A Quick Meditation On Balls

The weekly meditation group I have been going to on Sundays is relatively small, but we do have a couple of young guys who show up pretty faithfully. This week, one of them came before the other and was sitting on the couch chatting with us when his friend walked in. I noticed that he immediately rested his hands in his crotch, which was probably a gesture born out of necessity, as his friend tried to punch him in the nuts as he walked over and sat down.

“Does he do that every time you see each other?” I asked the first guy.

He thought about it. “Yeah, pretty much,” he said.

“Does he even know he’s doing it?” I asked.

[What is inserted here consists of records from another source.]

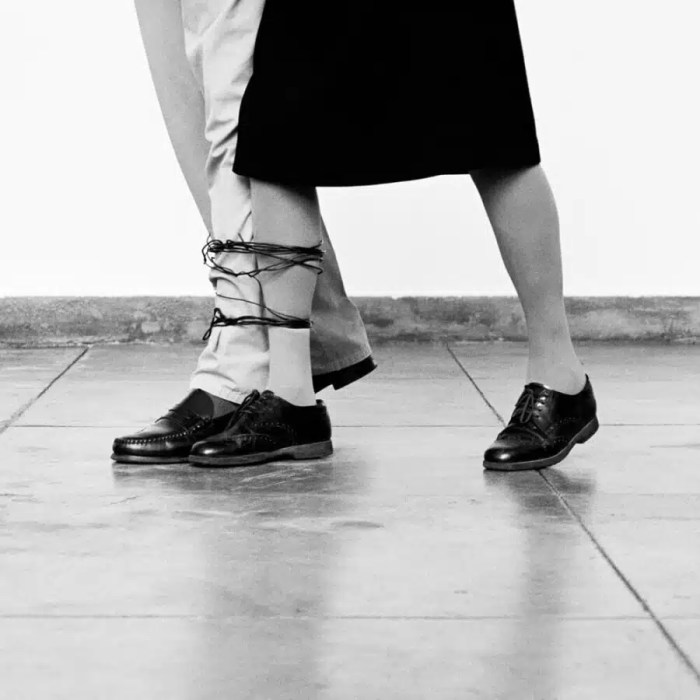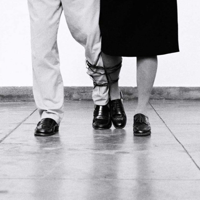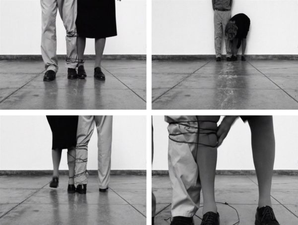 “No son autorretratos porque no encuentro en ellos mi subjetividad, sino mi plural al que hago asistir a una especie de escena.»— dice la autora. Ese nosotros se refiere a las obras que incluyen también a Artur Rosa, su marido. En Sin título, ambos aparecen con las piernas atadas, caminando con dificultad. Es una imagen íntima que muestra la complejidad de una relación que continúa más allá del cuerpo.
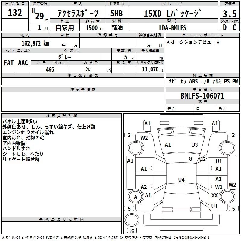 Mazda AXELA с аукциона Японии TAA Hyogo лот № 132
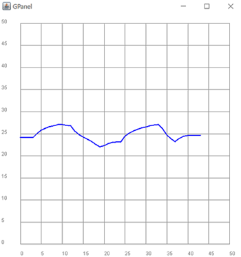 Das Grafik-Fenster wird mit makeGPanel (-5, 53, -3, 52) erzeugt. Es wird in der Regel etwas grösser gewählt, damit die Beschriftung der Koordinaten-Achsen sichtbar ist. pos(x, y) setzt den Grafikcursor an die gegebene Koordinate, draw(x, y) verbindet den aktuellen Punkt mit dem Punkt(x, y). Die x-Koordinate wird nach jedem gezeichneten Wert umd 1 vergrössert. Wenn sie das Ende des Fensters erreicht hat (x = 50), beginnt die Aufzeichnung wieder am linken Rand (x = 0). Weitere Erklärungen zu den Bibliotheken ev3robot und gpanel findest du unter www.jython.ch/ev3 from ev3robot import * from gpanel import * makeGPanel(-5, 53, -3, 52) drawGrid(0, 50, 0, 50, "gray") setColor("blue") lineWidth(2) robot = LegoRobot() sht = SHTSensor(SensorPort.S3) robot.addPart(sht) x = 0 while not robot.isEscapeHit(): v = sht.getValues() temp = v[0] if x == 0: pos(x, temp) else: draw(x, temp) print(temp) x = x + 1 if x == 50: x = 0 clear() drawGrid(0, 50, 0, 50, "gray") Tools.delay(1000) robot.exit()
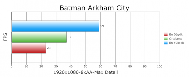 Rocksteady Studios’un geçtiğimiz sene bolca ödüle layık görülen Batman: Arkham City de testimize konuk oldu. Batman: Arkham City, aslında Nvidia kartlarda daha iyi başarım gösteren ve Physx yetenekleri ile kendinden söz ettiren bir oyun. Biz testimizde Physx seçeneğini kapatıp, normal tesselation seçimi ile oyunun performansını değerlendirdik.
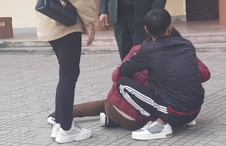 Mẹ của bị cáo Nguyễn Hoài Giang quỵ khóc ở sân tòa án kêu con bị oan.
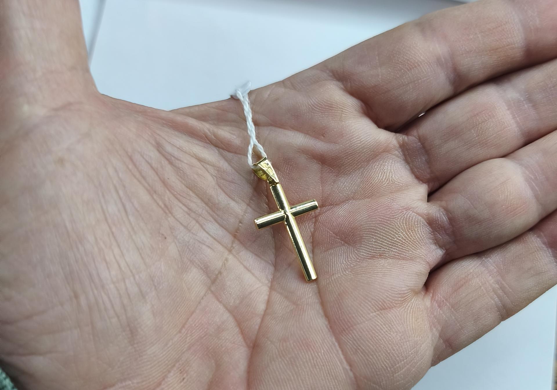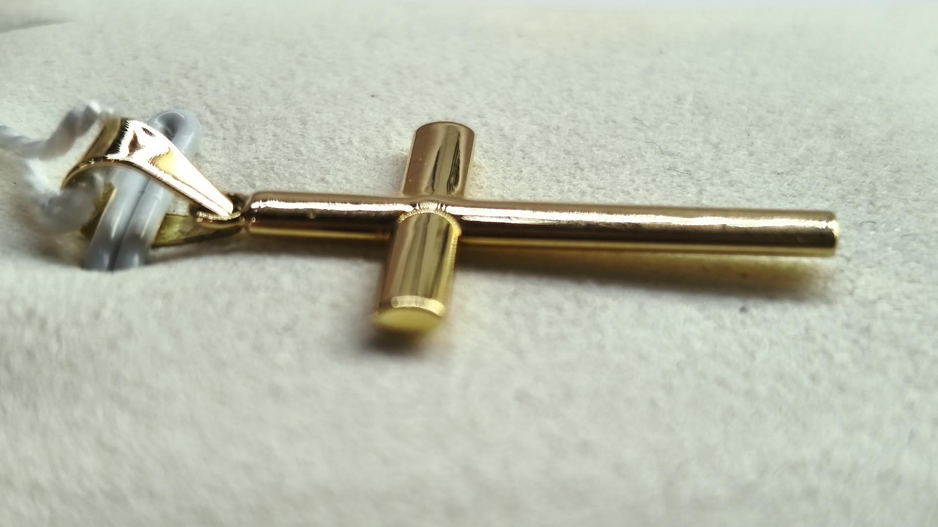Se trata de una cruz sin Cristo, de tamaño medio, adecuada para niño, niña, señora o hombre que prefiera una cruz fina, ligera y de líneas tradicionales. Está contrastada, un detalle importante que aporta confianza sobre la autenticidad del oro de 18 quilates.
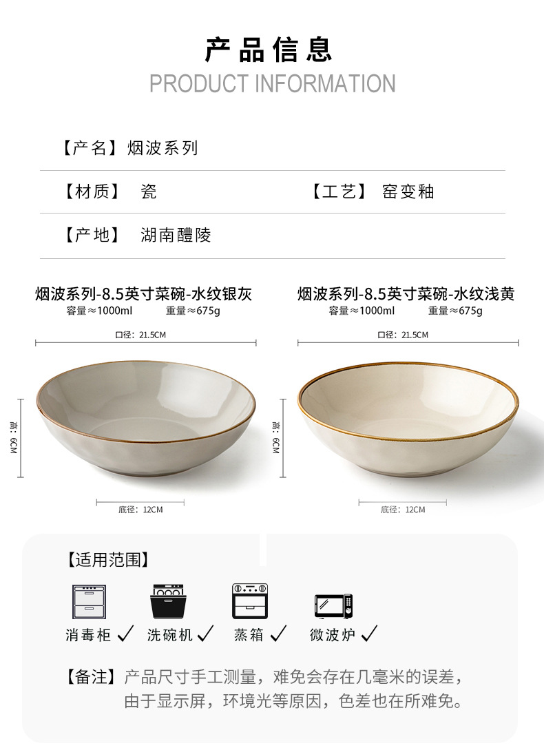 | Color | Serie de ondas de humo - tazón de verduras de 8,5 pulgadas - amarillo claro con patrón de agua, serie de ondas de humo - tazón de verduras de 8,5 pulgadas - gris plateado con patrón de agua |

“It’s pretty automatic,” he said.

This led to a twenty minute discussion of balls, ball-punching, different things testicles have been used for over time (I pointed out that people used to place their hands on testicles to swear in court, and was roundly shouted down for making it up, which I, in fact, did not), and finally circled around to something I never really considered before, and my friend & meditation leader M. pointed out: that, as a woman and a yoga/meditation teacher, when she tells people to be aware of different parts of their body, she can never know what it feels like to centre her attention in her testicles.

It’s really true! Obviously, I can never know what it feels like to be punched in the nuts (and thank god for that), but that is also a whole body part that I can never understand exactly what it feels like to touch, feel from the inside, or focus my attention on. I just CAN’T. Obviously, I have body parts men can’t understand as well, but it had really just never occurred to me in relationship to mindfulness work and yoga practice before.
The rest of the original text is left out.